* DATASET
▶

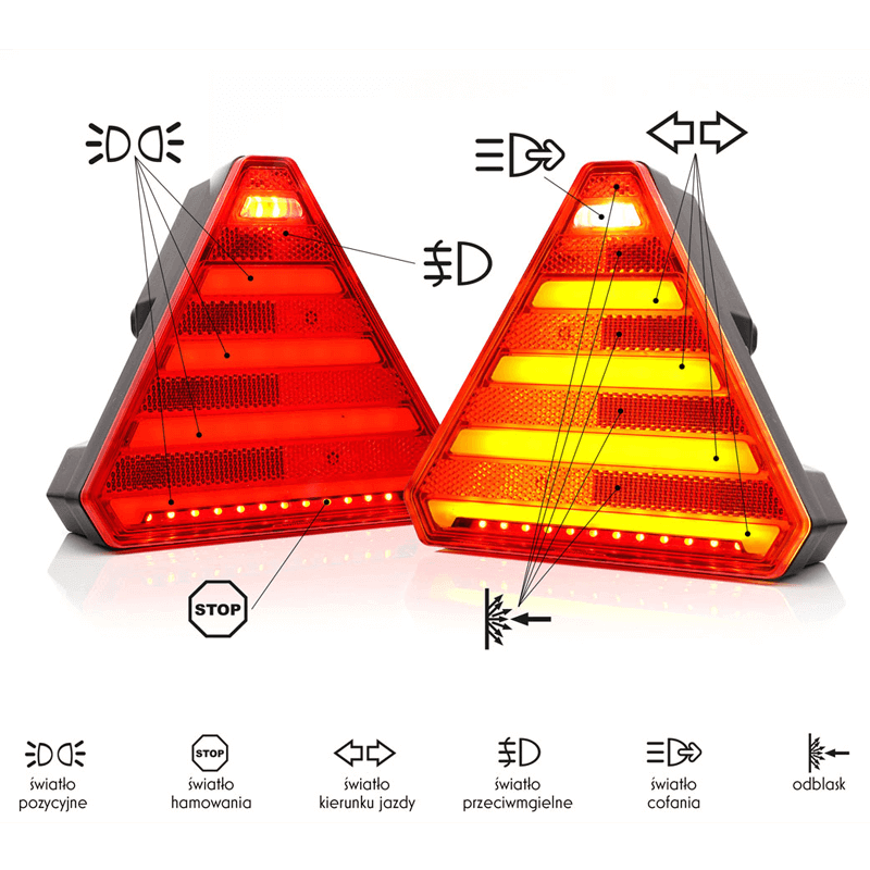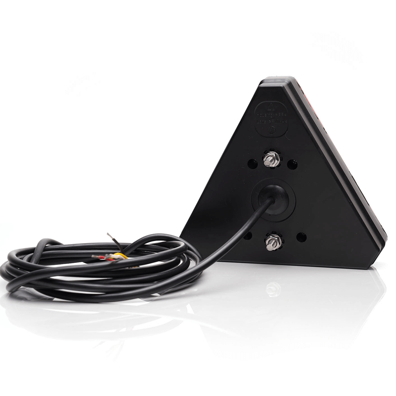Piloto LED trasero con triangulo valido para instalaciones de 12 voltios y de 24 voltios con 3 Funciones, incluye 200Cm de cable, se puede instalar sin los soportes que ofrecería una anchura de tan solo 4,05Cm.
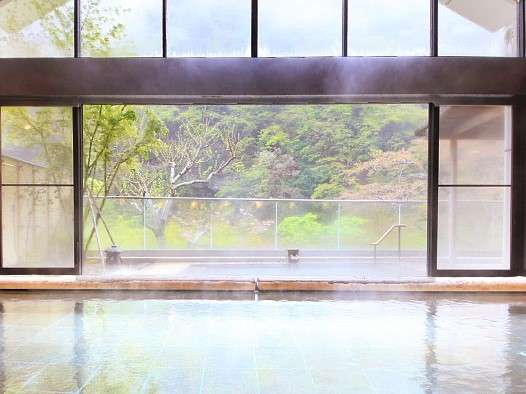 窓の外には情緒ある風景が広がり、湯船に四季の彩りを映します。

◀
▶

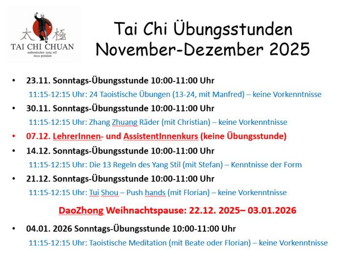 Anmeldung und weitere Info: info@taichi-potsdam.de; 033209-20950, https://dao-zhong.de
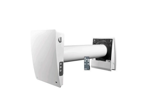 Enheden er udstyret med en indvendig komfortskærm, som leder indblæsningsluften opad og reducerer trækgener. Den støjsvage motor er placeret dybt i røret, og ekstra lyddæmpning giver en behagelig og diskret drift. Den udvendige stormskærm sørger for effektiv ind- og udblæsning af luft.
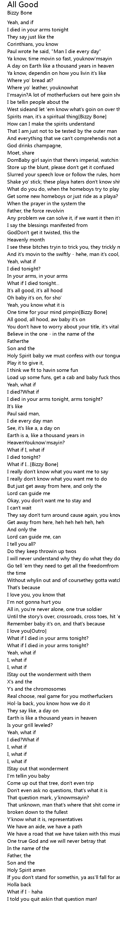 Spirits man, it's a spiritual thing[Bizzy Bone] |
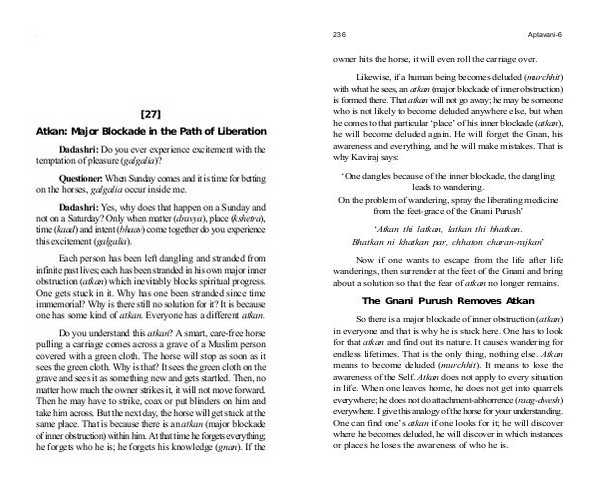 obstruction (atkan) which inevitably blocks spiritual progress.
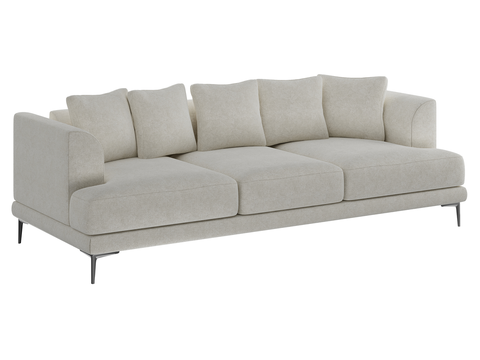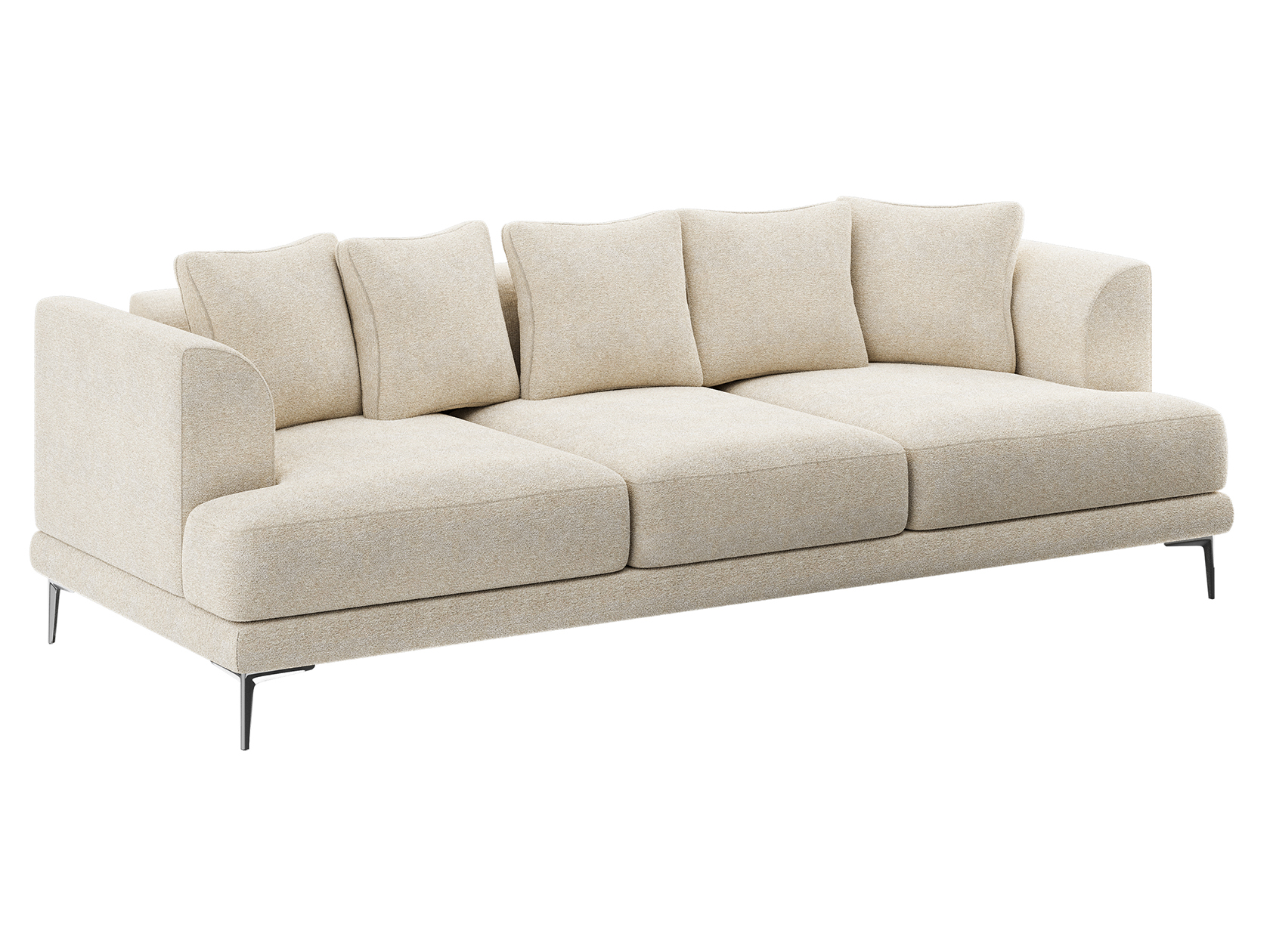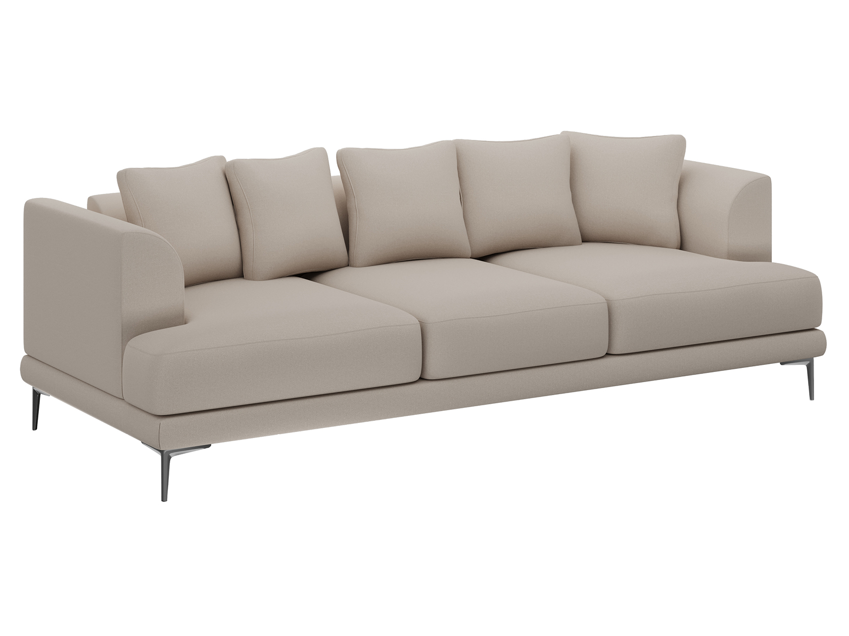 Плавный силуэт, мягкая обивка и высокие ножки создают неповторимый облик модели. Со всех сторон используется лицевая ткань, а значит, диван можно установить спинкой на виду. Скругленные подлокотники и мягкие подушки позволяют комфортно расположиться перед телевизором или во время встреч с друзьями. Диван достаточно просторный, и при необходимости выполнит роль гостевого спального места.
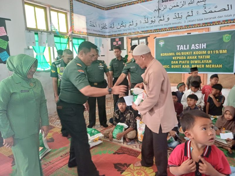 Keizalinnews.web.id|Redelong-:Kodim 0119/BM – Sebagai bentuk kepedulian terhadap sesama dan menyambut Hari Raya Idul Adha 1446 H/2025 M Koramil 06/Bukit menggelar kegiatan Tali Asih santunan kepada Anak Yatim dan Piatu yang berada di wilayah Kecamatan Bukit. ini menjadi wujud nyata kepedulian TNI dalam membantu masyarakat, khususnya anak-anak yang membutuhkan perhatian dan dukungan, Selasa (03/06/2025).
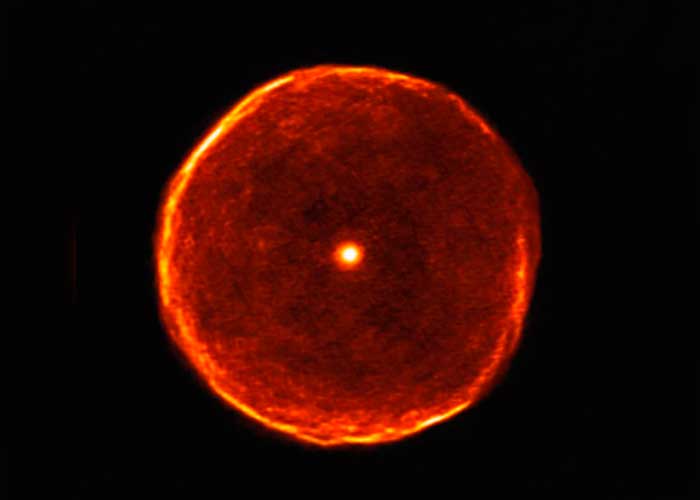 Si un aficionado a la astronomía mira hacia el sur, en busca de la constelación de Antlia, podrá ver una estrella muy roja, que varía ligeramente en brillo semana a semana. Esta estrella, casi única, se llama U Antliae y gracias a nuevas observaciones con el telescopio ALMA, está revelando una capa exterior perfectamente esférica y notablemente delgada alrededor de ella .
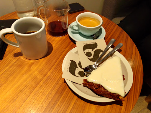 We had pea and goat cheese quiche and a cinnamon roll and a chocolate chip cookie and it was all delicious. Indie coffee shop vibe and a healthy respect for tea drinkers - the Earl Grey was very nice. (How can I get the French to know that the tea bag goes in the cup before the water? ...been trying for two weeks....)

◀
▶

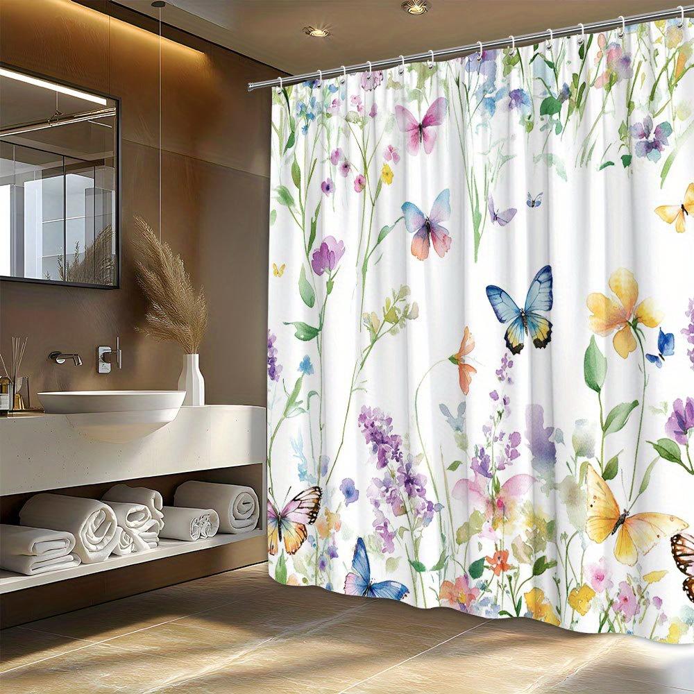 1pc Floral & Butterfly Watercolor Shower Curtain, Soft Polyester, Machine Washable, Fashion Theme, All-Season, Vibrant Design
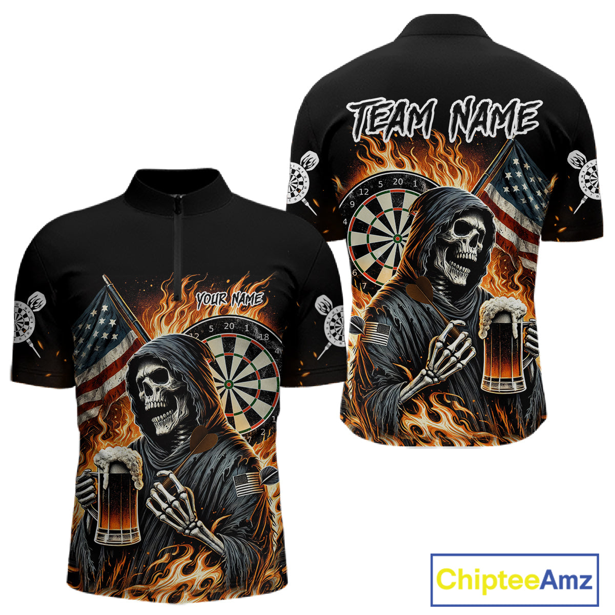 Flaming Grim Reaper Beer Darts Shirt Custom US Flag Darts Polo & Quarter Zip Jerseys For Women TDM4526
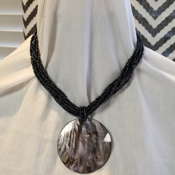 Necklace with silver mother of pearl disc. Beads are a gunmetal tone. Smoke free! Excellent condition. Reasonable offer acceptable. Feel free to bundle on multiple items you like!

◀

* ACTIVITY
Starting at the line with "Enheden er udstyret" in the entries above, write out every line exactly until the line with "Keizalinnews.web.id|Redelong-:Kodim 0119/BM –" has been written. Include no pictures and nothing more.

* SOLUTION FOR THIS PROBLEM
 Enheden er udstyret med en indvendig komfortskærm, som leder indblæsningsluften opad og reducerer trækgener. Den støjsvage motor er placeret dybt i røret, og ekstra lyddæmpning giver en behagelig og diskret drift. Den udvendige stormskærm sørger for effektiv ind- og udblæsning af luft.
 Spirits man, it's a spiritual thing[Bizzy Bone] |
 obstruction (atkan) which inevitably blocks spiritual progress.
 Плавный силуэт, мягкая обивка и высокие ножки создают неповторимый облик модели. Со всех сторон используется лицевая ткань, а значит, диван можно установить спинкой на виду. Скругленные подлокотники и мягкие подушки позволяют комфортно расположиться перед телевизором или во время встреч с друзьями. Диван достаточно просторный, и при необходимости выполнит роль гостевого спального места.
 Keizalinnews.web.id|Redelong-:Kodim 0119/BM – Sebagai bentuk kepedulian terhadap sesama dan menyambut Hari Raya Idul Adha 1446 H/2025 M Koramil 06/Bukit menggelar kegiatan Tali Asih santunan kepada Anak Yatim dan Piatu yang berada di wilayah Kecamatan Bukit. ini menjadi wujud nyata kepedulian TNI dalam membantu masyarakat, khususnya anak-anak yang membutuhkan perhatian dan dukungan, Selasa (03/06/2025).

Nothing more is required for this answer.